A Associação sabe que o sucesso do plano não depende apenas de boa vontade e da ação das companhias aéreas em todo o mundo. Por conta disso, comparou o cenário atual com o que o setor automobilístico está enfrentando na atualidade, com a ascensão dos carros elétricos ou híbridos no mercado.

“O alcance da conectividade global sustentável não pode ser alcançado apenas nas costas das companhias aéreas. Todas as partes da indústria da aviação devem trabalhar juntas dentro de uma estrutura de política governamental de apoio para entregar as mudanças massivas que são necessárias, incluindo uma transição energética. Isso não é diferente do que estamos vendo em outras indústrias. Os esforços de sustentabilidade do transporte rodoviário, por exemplo, não estão sendo promovidos por motoristas que constroem veículos elétricos. Os governos estão fornecendo políticas e incentivos financeiros para que fornecedores de infraestrutura, fabricantes e proprietários de automóveis possam fazer coletivamente as mudanças necessárias para um futuro sustentável. O mesmo deve se aplicar à aviação”, alertou Willie Walsh.

O planejamento da IATA

Imagem: Sônia Nadales/Unsplash
Imagem: Sônia Nadales/Unsplash

A combinação de medidas necessárias para atingir emissões líquidas zero para a aviação até 2050 depende também do quanto a tecnologia do setor irá evoluir. Por conta disso, o cronograma estabelecido pela IATA para atingir a ousada meta foi escalonado de cinco em cinco anos, tendo como base o cenário atual. A ideia é dar o pontapé inicial já em 2025, impulsionando a produção do SAF (combustível sustentável para aviões) com o auxílio dos governos em todo o mundo.

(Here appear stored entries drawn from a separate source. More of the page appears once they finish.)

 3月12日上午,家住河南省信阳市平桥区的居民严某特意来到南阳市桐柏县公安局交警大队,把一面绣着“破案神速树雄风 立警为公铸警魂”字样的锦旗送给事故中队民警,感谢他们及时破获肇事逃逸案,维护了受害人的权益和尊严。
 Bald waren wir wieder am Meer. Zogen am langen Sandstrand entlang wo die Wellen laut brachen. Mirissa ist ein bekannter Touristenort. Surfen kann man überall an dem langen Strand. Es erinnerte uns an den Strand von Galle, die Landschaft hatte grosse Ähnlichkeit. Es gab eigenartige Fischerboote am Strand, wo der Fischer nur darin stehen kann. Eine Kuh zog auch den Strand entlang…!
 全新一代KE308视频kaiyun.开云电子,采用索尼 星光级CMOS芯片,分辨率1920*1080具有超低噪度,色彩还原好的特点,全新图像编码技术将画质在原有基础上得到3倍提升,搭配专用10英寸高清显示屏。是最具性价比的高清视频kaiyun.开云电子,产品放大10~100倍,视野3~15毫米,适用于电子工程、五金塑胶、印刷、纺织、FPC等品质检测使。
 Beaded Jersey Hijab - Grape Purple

Confira abaixo o plano detalhado da IATA para zerar a emissão de carbono no setor aéreo.

  • 2025: Com o apoio adequado da política governamental, a produção de SAF deve chegar a 7,9 bilhões de litros (2% da necessidade total de combustível)

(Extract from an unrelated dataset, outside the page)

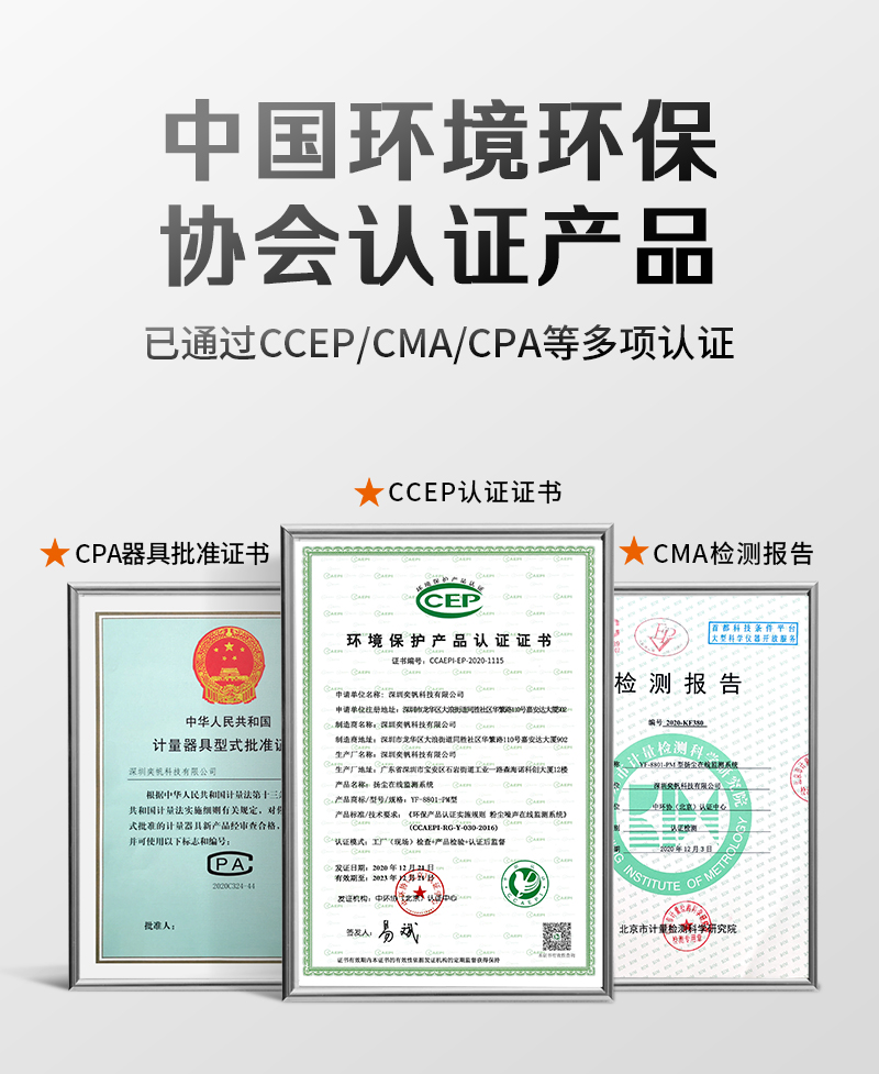 产品资质齐全,有CCEP环保协会认证、有计量院CMA检测报告 -

  • 2030: A produção SAF é de 23 bilhões de litros (5,2% da necessidade total de combustível). Os ANSPs implementaram totalmente as atualizações de bloco do Sistema de Aviação da ICAO e programas regionais, como o Céu Único Europeu

  • 2035: A produção de SAF é de 91 bilhões de litros (17% da necessidade total de combustível). Aeronaves elétricas e / ou a hidrogênio para o mercado regional (50-100 assentos, voos de 30-90 minutos) tornam-se disponíveis

  • 2040: A produção de SAF é de 229 bilhões de litros (39% da necessidade total de combustível). Estão disponíveis aeronaves a hidrogênio para o mercado de curta distância (100-150 assentos, voos de 45-120 min).

  • 2045: A produção de SAF é de 346 bilhões de litros (54% da necessidade total de combustível).

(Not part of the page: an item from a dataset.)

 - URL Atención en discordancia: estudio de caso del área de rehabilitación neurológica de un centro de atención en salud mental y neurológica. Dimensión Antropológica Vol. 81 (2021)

  • 2050: A produção SAF atinge 449 bilhões de litros (65% da necessidade total de combustível).

“O caminho a seguir para todos os meios de mitigação de carbono será examinado. Associaremos os compromissos às realizações em relatórios que deixem claro como estamos progredindo. O envolvimento com viajantes, ONGs ambientais e governos com base em relatórios transparentes garantirá que nosso caminho de voo para a rede zero seja totalmente compreendido”, concluiu Walsh.